Inspired by his partner in filmmaking, López, Roth looks ahead to a cinematic future of greater flexibility and productivity:
“I really think he’s an amazing filmmaker. He did a movie called Santos, that flopped, when he was 23 years old, and it was before Scott Pilgrim. It’s that type of movie, set in a comic fantasy. And he loves it, and it’s his favorite movie. But the whole world was like, “This sucks!” It flopped, hardcore. And he was humiliated. And everyone in his country was like “Ha Ha! You suck!” At 23, he was washed up.
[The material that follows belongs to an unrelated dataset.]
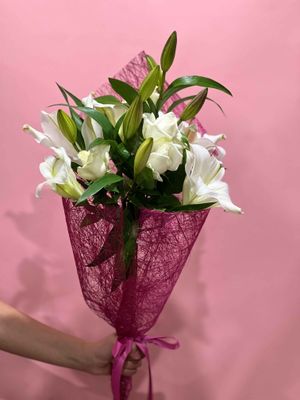 Luxe blooms with a bit of flair! This bouquet pairs the bold beauty of Oriental lilies with the timeless charm of roses—it’s a match made in floral heaven. Choose from classic white, playful pink, or a pretty mix of both, depending on your mood (or theirs!). It’s big on fragrance, full of personality, and guaranteed to make a lasting impression—whether you're celebrating something special or just sending a little wow.
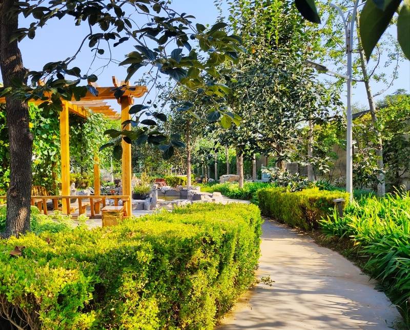 生态环境亮点:北京市朝阳区彩虹村庄养老院占地约200亩,其中70%为园林绿地,搭配40余亩澄澈池塘,院内树木葱郁、蔬果飘香,亭台楼阁与曲径长廊交错,湖光山色相映成趣,宛如天然氧吧,是老人亲近自然、安心养老的绝佳选择。

“And he sat down and wrote Que Pena Tu Vida, shot it in eleven days, thirty-eight locations, and it was a huge hit. He’s a really good example of a filmmaker that never waited for anyone’s permission, and then just figured it out, and did it just through creativity and hard work. He’s on Twitter. I think everybody just magically wants to be a director, and he’s a director that you can really look to, like, “I want to shoot a feature, I want to do the way Nicolás López did it”. He’s the first one I knew that got sponsors to finance his movie. For Que Pena Tu Vida, he got fifty grand from Canon, fifty grand from Adidas...he basically cobbled together 200 grand, shot the movie, and it made millions of dollars at the box office, and he didn’t have to pay back any investors. He owned the movie outright. It was genius.”
“That’s the thing: he’s eleven years younger than me, he’s a generation younger, so he doesn’t know what you’re not ‘supposed’ to do. He’s like “Fuck film, dude.” I’m like, ‘Yeah, but you need the emulsion...’ He’s like ‘My sister’s twelve. She watches everything on an iPad. Get over it.’
And he’s like, ‘If your movie’s a big fuckin hit, your movie’s the biggest box office hit, you’re in theatres for like three weeks, and then ten other movies are kicking you out. So your movie’s gonna live on iTunes and an iPad whether you like it or not.’ And the truth is, most people’s home systems have amazing hi-def TVs and great projection, so it’s like, fuck it. We made this in a new way. We shot this on 5Ds, let’s release it on 100 screens, for the core fans who want to go out (obviously I highly recommend seeing it in the theatre), but also, fuck it, you want to order it with a bunch of your friends? It’s 8 bucks on iTunes. Done. Don’t worry about it: On to the next one...”
“That’s our whole thing: We saw that Woody Allen documentary, where he’s making two movies a year, and we’re like ‘Okay, something is wrong with us! We are fucking lazy! We need to be like ‘Shoot-shoot-shoot’ Don’t overthink it. Fuck it, write a script, go. That’s the speed we’re moving at now.”
Aftershock opens in select theaters today!